+++ EXTRACTED MATERIAL +++

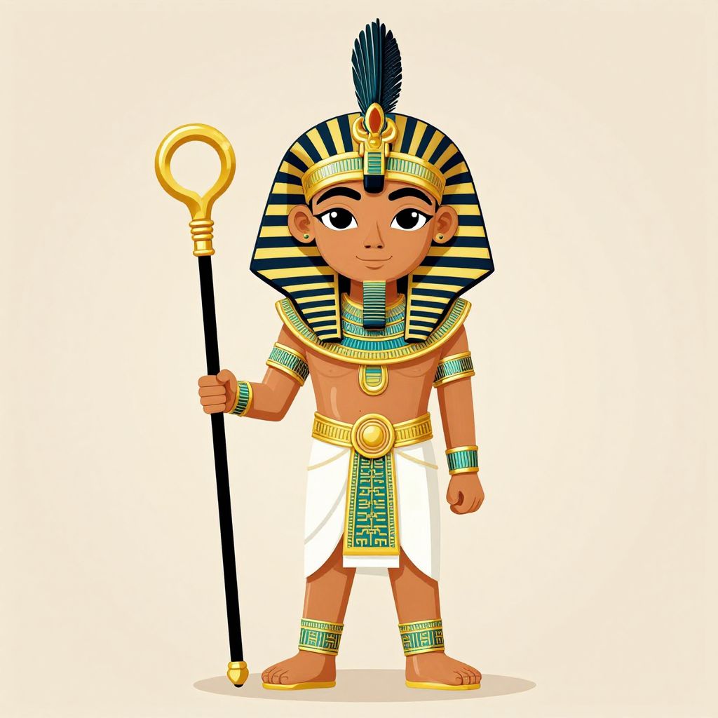 Cartoon Egyptian pharaoh child with dark skin, striped black-and-gold headdress, white loincloth, gold jewelry, holding black staff with
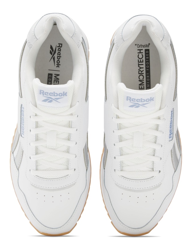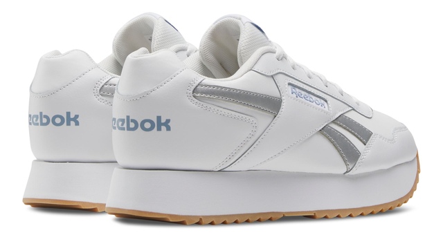 Glide through the day. These women's Reebok shoes have vivid iridescent details on the side stripes and heel tab to give them some pop. The platform-style midsole adds a little height boost. Wear them when you run errands, meet up with a few friends, or just when you take on your active day.
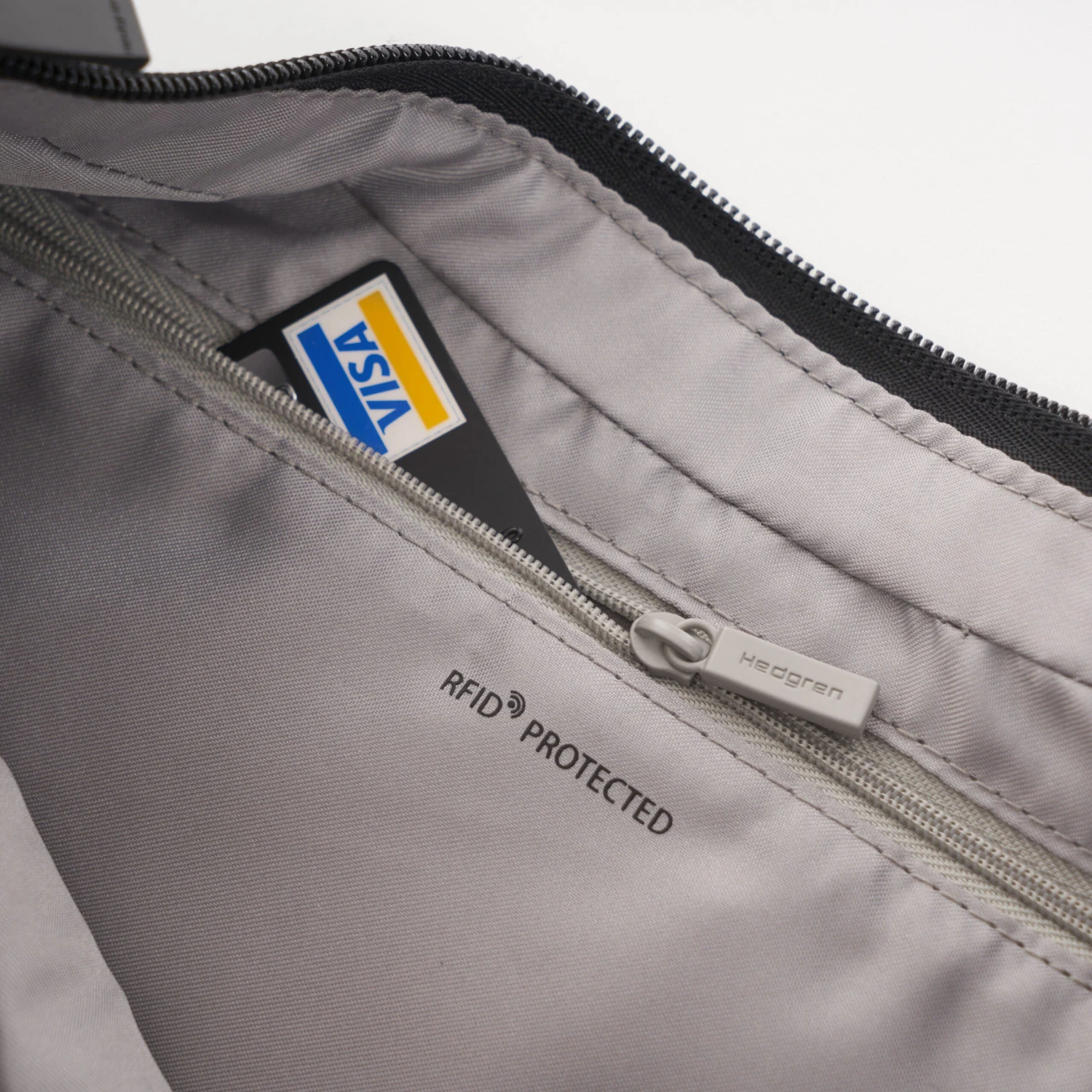 Hedgrenin tilava ja monikäyttöinen laukku on todellinen arjen pelastaja. Laukun pintamateriaali on vedenpitävä. Laukun sisällä on toisella puolella vetoketjutasku, toisella avotasku. Laukun etupuolella on myös vetoketjulla suljettava tasku, ja lisäksi laukku on RFID suojattu, joten sinun ei tarvitse pelätä maksukorttiesi puolesta.
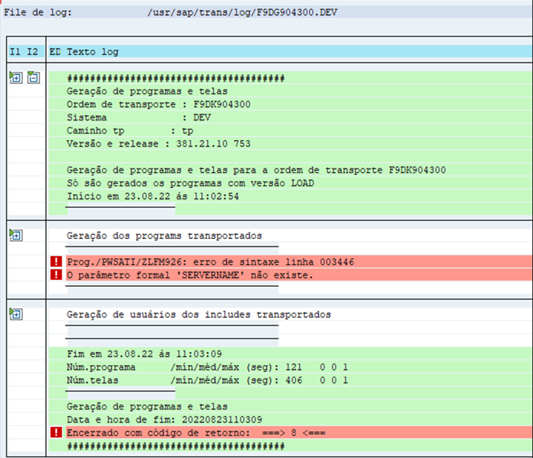 Acontecia, durante o transporte da Request F9DK904300, a finalização com o erro de sintaxe na linha 003446 no Programa /PWSATI/ZLFM926, o Monitor.
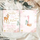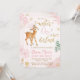 Celebre o seu primeiro aniversario com estes convites para os temas da Terra da Onederland de inverno, sempre fofos! Este design colorido apresenta flocos de neve, veados e pinheiros cor-de-rosa e pastel dourado.
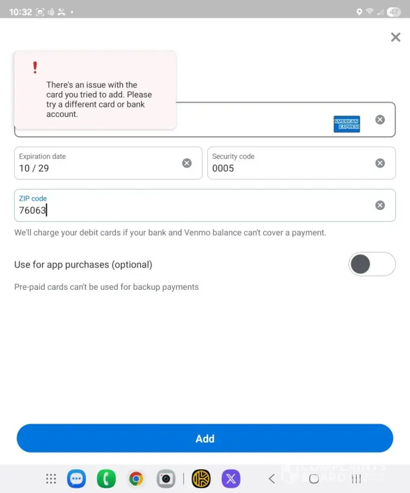 Most unuser friendly app. No detail as to why you can't add a credit card to the app. When you do finally get the card added and you attempt to use that payment method, right off the bat, "this is a scam we stopped it". No explanation and the lack of customer service aren't enabled to service the customer to resolve the issue. PayPal ruined this platform. Thank God for other services. This one sucks.
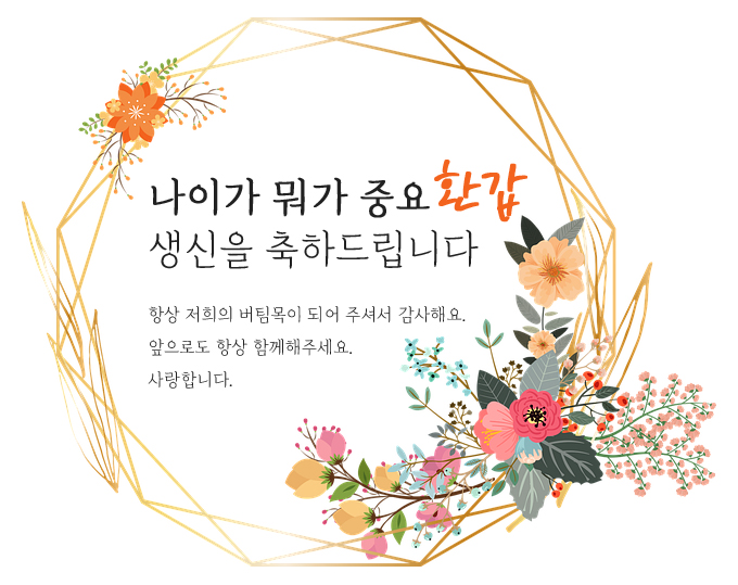 환갑을 진심으로 축하드립니다. 늘 건강하고 멋진 모습으로 저희 곁에 오래 있어주세요.
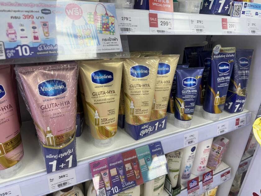 ブーツ 投稿者:社員U.S(女性) 投稿日:2026年1月8日 カテゴリー:出張 タイの至る所にあるドラッグストア! ブーツに行ってきました。 ブーツといったらコチラのお土産セットコーナー! ポーチもしっかりしていて、中身もトラベルサイズで使えそうなものがたくさん入っているものです✨ でっかすぎる見たこともないサイズのニベアがありました。笑 左のボディークリームは肌が白くなると言われているクリームです^_^ サブウェイ 海外歯磨き粉
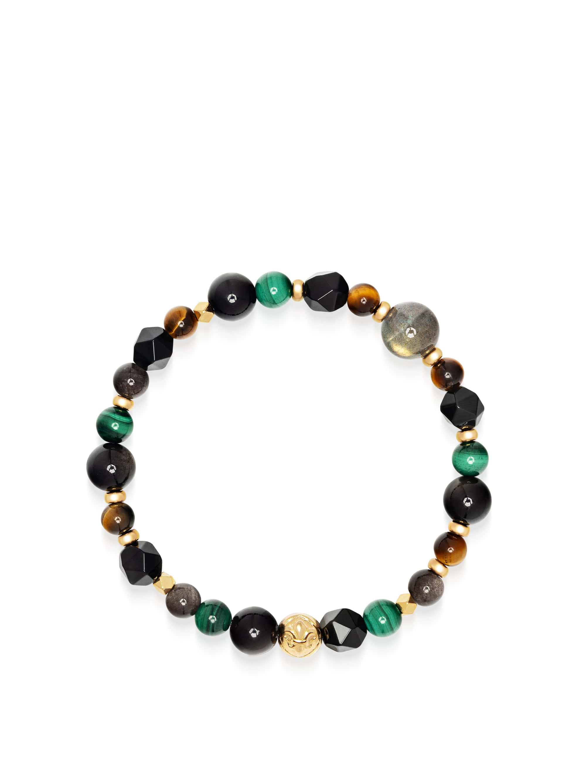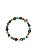 - Mixed-Stone Bracelet: 10mm Labradorite, 6mm & 8mm Green Malachite, Obsidian, Tiger Eye & Moss Agate Beads
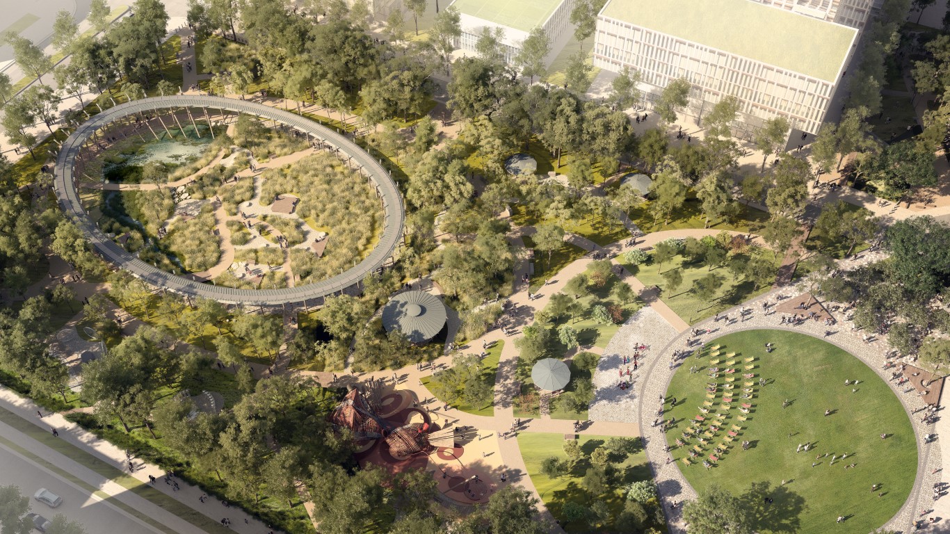More than 550 mature trees and 70,000 species of native plants will create a green oasis with public art, active learning, and gathering spaces. The design also features a muti-generational interwoven play area and a Gathering Green for major community events.

+++

## [THE TASK]
Please leave out the pictures as you reproduce the lines exactly, from the first line of the entries through the line containing "환갑을 진심으로 축하드립니다.".

## [TASK OUTPUT]
 Cartoon Egyptian pharaoh child with dark skin, striped black-and-gold headdress, white loincloth, gold jewelry, holding black staff with
 Glide through the day. These women's Reebok shoes have vivid iridescent details on the side stripes and heel tab to give them some pop. The platform-style midsole adds a little height boost. Wear them when you run errands, meet up with a few friends, or just when you take on your active day.
 Hedgrenin tilava ja monikäyttöinen laukku on todellinen arjen pelastaja. Laukun pintamateriaali on vedenpitävä. Laukun sisällä on toisella puolella vetoketjutasku, toisella avotasku. Laukun etupuolella on myös vetoketjulla suljettava tasku, ja lisäksi laukku on RFID suojattu, joten sinun ei tarvitse pelätä maksukorttiesi puolesta.
 Acontecia, durante o transporte da Request F9DK904300, a finalização com o erro de sintaxe na linha 003446 no Programa /PWSATI/ZLFM926, o Monitor.
 Celebre o seu primeiro aniversario com estes convites para os temas da Terra da Onederland de inverno, sempre fofos! Este design colorido apresenta flocos de neve, veados e pinheiros cor-de-rosa e pastel dourado.
 Most unuser friendly app. No detail as to why you can't add a credit card to the app. When you do finally get the card added and you attempt to use that payment method, right off the bat, "this is a scam we stopped it". No explanation and the lack of customer service aren't enabled to service the customer to resolve the issue. PayPal ruined this platform. Thank God for other services. This one sucks.
 환갑을 진심으로 축하드립니다. 늘 건강하고 멋진 모습으로 저희 곁에 오래 있어주세요.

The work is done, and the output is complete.